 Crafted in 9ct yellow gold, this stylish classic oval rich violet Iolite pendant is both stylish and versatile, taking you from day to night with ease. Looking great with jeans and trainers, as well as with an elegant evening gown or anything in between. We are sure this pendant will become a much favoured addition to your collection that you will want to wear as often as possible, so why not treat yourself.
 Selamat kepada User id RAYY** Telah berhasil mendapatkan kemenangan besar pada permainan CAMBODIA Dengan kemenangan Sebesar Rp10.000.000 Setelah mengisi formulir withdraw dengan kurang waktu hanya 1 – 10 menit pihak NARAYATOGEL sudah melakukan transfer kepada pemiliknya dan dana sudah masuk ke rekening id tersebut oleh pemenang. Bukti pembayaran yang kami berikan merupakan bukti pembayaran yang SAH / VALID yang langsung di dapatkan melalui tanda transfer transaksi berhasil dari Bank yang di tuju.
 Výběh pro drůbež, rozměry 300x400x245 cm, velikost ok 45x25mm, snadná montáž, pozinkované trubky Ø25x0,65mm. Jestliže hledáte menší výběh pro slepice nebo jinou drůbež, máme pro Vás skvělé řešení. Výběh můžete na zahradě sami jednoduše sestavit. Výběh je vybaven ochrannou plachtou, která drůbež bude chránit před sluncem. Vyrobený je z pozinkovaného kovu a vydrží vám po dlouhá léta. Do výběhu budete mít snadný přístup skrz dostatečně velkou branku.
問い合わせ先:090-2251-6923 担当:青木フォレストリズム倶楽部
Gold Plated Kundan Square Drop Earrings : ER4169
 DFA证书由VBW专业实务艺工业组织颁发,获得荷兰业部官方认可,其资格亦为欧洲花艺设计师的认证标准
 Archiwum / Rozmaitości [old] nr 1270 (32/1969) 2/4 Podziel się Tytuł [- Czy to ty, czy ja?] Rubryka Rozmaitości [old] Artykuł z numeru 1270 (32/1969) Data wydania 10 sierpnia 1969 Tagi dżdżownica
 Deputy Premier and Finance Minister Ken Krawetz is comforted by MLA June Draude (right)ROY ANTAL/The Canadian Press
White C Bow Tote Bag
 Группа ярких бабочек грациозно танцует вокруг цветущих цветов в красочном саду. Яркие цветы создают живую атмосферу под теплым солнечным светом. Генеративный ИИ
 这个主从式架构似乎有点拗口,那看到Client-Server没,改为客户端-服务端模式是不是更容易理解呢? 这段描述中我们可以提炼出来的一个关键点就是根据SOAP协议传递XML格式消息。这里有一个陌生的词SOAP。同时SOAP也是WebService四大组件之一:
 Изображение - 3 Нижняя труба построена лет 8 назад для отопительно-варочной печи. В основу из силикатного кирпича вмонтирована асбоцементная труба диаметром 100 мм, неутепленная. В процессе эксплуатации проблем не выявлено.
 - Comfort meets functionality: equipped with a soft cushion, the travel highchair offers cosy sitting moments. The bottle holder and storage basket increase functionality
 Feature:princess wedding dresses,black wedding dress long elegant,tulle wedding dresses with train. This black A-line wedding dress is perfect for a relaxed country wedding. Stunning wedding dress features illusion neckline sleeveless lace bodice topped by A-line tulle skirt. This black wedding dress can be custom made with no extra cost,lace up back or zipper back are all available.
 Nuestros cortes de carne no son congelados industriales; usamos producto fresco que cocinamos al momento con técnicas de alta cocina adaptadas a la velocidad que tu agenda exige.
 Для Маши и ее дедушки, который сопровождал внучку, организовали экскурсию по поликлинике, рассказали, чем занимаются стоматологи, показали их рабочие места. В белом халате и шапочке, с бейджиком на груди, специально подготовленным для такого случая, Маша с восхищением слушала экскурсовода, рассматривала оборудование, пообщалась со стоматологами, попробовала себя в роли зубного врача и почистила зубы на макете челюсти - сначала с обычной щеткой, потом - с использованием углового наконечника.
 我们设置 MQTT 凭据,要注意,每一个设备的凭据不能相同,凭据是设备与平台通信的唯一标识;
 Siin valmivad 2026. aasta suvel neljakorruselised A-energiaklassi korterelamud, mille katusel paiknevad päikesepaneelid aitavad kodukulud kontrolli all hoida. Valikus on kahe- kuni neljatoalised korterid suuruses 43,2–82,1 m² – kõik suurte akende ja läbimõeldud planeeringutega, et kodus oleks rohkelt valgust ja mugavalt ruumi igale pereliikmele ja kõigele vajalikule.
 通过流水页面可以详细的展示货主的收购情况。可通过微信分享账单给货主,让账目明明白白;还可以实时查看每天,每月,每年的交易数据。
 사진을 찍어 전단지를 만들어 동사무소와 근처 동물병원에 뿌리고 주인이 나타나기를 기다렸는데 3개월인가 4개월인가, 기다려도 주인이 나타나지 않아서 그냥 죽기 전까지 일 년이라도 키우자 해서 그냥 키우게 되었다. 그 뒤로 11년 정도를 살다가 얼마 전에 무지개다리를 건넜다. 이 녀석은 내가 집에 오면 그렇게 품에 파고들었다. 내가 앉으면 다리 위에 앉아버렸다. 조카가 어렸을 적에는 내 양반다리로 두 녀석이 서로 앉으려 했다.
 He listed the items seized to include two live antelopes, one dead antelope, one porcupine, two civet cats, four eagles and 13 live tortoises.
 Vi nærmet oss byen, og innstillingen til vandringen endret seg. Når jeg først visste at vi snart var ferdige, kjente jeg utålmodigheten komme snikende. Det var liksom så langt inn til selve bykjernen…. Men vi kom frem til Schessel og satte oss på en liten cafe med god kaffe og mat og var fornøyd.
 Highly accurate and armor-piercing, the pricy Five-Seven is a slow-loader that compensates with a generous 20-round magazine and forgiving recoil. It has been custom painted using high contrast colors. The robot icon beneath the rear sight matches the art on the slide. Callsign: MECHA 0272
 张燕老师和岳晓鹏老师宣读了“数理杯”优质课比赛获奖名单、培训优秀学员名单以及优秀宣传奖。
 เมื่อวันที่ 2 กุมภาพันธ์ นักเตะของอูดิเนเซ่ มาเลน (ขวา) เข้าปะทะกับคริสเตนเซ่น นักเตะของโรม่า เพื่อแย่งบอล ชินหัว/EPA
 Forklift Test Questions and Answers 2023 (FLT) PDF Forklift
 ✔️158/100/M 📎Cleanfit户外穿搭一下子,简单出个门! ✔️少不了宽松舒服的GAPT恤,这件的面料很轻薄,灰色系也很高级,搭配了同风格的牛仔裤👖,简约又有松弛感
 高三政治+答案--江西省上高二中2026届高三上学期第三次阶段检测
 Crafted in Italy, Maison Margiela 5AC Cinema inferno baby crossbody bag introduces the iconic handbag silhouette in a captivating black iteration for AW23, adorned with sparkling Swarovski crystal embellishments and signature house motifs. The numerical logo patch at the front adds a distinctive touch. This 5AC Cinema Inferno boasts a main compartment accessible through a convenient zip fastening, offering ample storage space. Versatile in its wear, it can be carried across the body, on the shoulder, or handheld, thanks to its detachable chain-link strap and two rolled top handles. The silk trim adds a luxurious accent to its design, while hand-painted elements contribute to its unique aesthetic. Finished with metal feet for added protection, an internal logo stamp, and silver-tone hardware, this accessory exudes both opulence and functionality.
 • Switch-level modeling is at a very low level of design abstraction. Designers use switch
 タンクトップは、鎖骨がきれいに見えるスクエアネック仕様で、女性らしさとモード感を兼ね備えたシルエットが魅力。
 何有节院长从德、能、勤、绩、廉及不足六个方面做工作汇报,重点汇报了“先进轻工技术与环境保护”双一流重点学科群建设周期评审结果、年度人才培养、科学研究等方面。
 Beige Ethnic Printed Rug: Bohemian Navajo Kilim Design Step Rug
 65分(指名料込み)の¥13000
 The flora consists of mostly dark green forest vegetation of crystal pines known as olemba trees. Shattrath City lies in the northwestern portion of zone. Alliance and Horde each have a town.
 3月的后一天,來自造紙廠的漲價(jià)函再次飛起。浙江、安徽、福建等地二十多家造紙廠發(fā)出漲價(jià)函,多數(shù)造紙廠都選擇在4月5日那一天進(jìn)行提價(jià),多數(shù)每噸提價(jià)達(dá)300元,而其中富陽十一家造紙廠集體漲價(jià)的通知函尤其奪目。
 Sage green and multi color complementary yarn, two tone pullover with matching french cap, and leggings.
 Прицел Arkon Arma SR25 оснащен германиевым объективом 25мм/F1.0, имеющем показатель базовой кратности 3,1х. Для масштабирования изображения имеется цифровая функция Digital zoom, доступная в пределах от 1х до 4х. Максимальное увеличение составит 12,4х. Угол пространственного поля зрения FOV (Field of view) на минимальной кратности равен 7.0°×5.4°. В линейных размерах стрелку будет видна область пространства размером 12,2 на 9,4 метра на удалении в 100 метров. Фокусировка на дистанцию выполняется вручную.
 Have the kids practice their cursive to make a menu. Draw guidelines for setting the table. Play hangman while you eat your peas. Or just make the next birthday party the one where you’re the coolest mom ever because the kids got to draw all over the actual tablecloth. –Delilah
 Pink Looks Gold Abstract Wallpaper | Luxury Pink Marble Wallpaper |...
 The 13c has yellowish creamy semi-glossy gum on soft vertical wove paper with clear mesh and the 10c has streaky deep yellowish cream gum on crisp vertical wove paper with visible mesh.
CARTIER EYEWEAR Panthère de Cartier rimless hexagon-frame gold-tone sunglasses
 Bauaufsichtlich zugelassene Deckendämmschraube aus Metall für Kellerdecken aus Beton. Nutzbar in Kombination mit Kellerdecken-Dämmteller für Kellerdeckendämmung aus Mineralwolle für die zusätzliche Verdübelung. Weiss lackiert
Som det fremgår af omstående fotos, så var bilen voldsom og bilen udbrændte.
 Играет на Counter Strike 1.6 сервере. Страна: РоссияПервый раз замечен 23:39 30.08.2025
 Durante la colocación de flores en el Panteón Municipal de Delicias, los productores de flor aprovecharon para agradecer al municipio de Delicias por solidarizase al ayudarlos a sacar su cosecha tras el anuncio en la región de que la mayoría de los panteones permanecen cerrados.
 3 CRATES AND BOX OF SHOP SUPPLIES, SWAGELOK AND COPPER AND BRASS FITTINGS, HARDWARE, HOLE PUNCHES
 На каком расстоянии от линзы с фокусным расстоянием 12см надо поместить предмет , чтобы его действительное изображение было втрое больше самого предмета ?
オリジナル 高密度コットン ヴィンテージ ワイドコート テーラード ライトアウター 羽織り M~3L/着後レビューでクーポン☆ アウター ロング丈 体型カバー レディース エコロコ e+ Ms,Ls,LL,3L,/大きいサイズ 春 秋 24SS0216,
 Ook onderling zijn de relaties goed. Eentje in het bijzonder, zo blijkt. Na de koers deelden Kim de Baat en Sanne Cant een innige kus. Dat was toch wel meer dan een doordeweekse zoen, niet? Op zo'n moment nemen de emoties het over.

============================================================

● Try it:
Which lines above run from the one containing "Deputy Premier and" down to the one containing "这个主从式架构似乎有点拗口,那看到Cli"? Repeat exactly those, both ends included, and nothing else.

● Answer space:
 Deputy Premier and Finance Minister Ken Krawetz is comforted by MLA June Draude (right)ROY ANTAL/The Canadian Press
White C Bow Tote Bag
 Группа ярких бабочек грациозно танцует вокруг цветущих цветов в красочном саду. Яркие цветы создают живую атмосферу под теплым солнечным светом. Генеративный ИИ
 这个主从式架构似乎有点拗口,那看到Client-Server没,改为客户端-服务端模式是不是更容易理解呢? 这段描述中我们可以提炼出来的一个关键点就是根据SOAP协议传递XML格式消息。这里有一个陌生的词SOAP。同时SOAP也是WebService四大组件之一:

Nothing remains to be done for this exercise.